Die Familie Rosenrauch wohnte von 1925 – 1927 in der Dolziger Straße 18. Im Jahr 1928 zogen sie in die Ebertystraße 53. Hier lebten sie bis 1932. 1932 zog die Familie an ihren letzten frei gewählten Wohnort, die Schneidemühler Straße 6, heute Heinz-Bartsch-Straße 5, in die Parterrewohnung rechts. Das Haus wurde 1926-1927 nach Entwürfen von Bruno Taut erbaut. Im Jahr 1937 wohnte die Familie jedoch bis zu ihrer Deportation in der Braunsberger Straße 42. Dort wohnte auch der Bruder Markus Rosenrauch. Am 29. Oktober 1941 wurde die Familie mit dem III. Transport von Berlin in das Ghetto Litzmannstadt / Lodz deportiert. Lodz war nach dem Warschauer Ghetto das größte jüdische Ghetto mit ca. 70.000 Menschen. Die Menschen mussten Zwangsarbeit leisten, meist für kriegsnotwendige Dinge wie Soldatenuniformen, Stiefel, Waffen und Munition. So vermutlich auch die Familie Rosenrauch. Viele Menschen im Ghetto hofften aus diesem Grund, überleben zu können. Am 4. Mai 1942 wurde Abraham Rosenrauch mit seiner Familie von Lodz in das Vernichtungslager Kulmhof / Chelmno deportiert und dort am gleichen Tag in Gaswagen ermordet. Kulmhof war vom Dezember 1941 bis März 1943 als Vernichtungsstätte genutzt worden und wurde im März 1943 geräumt und erst 1944, als man das Ghetto Litzmannstadt/Lodz aufgelöst hatte, wieder „in Betrieb genommen.“

Abraham Rosenrauch wurde im Alter von 52 ermordet.

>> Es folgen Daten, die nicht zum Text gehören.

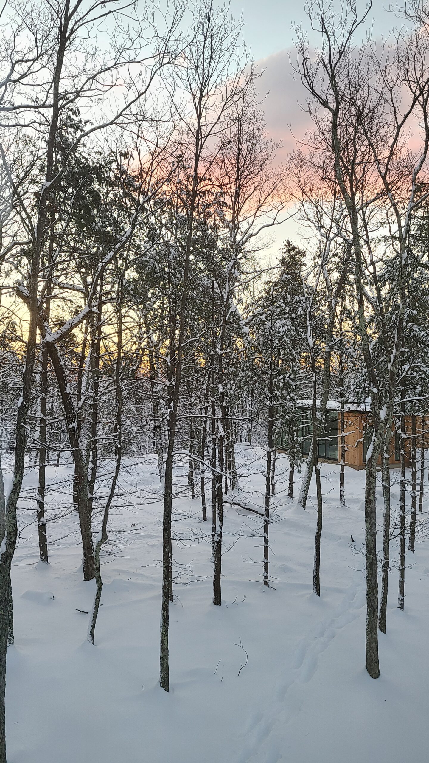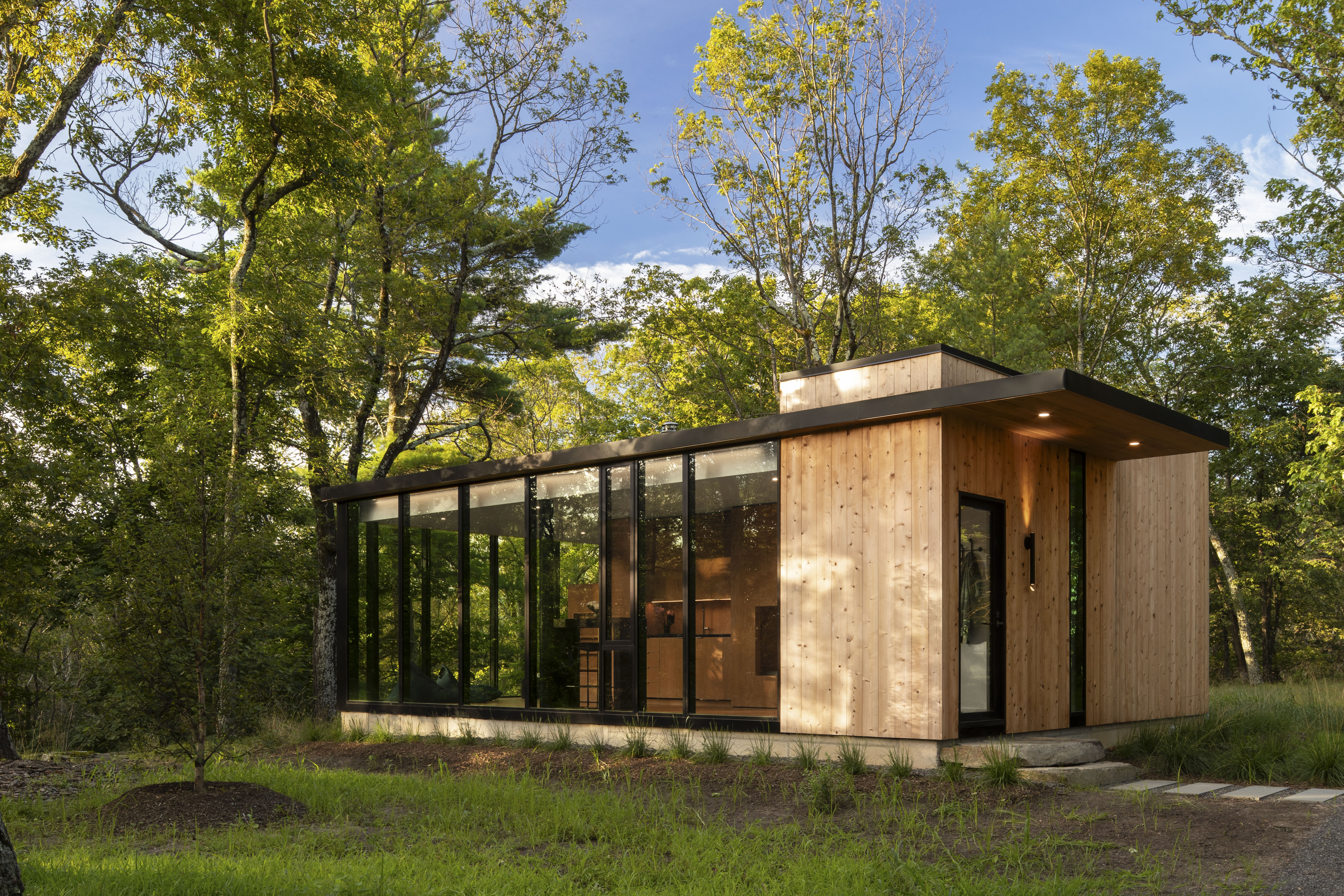 The glass walls of the Bunkhouse reflect the changing seasons and create a true “treehouse” feeling from the interior!

Weitere Angehörige der Familie, die ermordet wurden, waren Markus und Zallel

Rosenrauch, beides Brüder von Abraham Rosenrauch.

Sara Rosenrauch starb am 3. November 1939 und Osias Rosenrauch starb am 4. Dezember 1941. Sie sind auf dem Jüdischen Friedhof Weißensee beerdigt. 

Das Grab von Osias Rosenrauch befindet sich im Gräberfeld B4, in der Reihe 4, ohne Grabplatte.

Das Grab von Sara Rosenrauch, geb. Rubinstein, befindet sich im Gräberfeld G7, in der Reihe 19, ohne Grabplatte.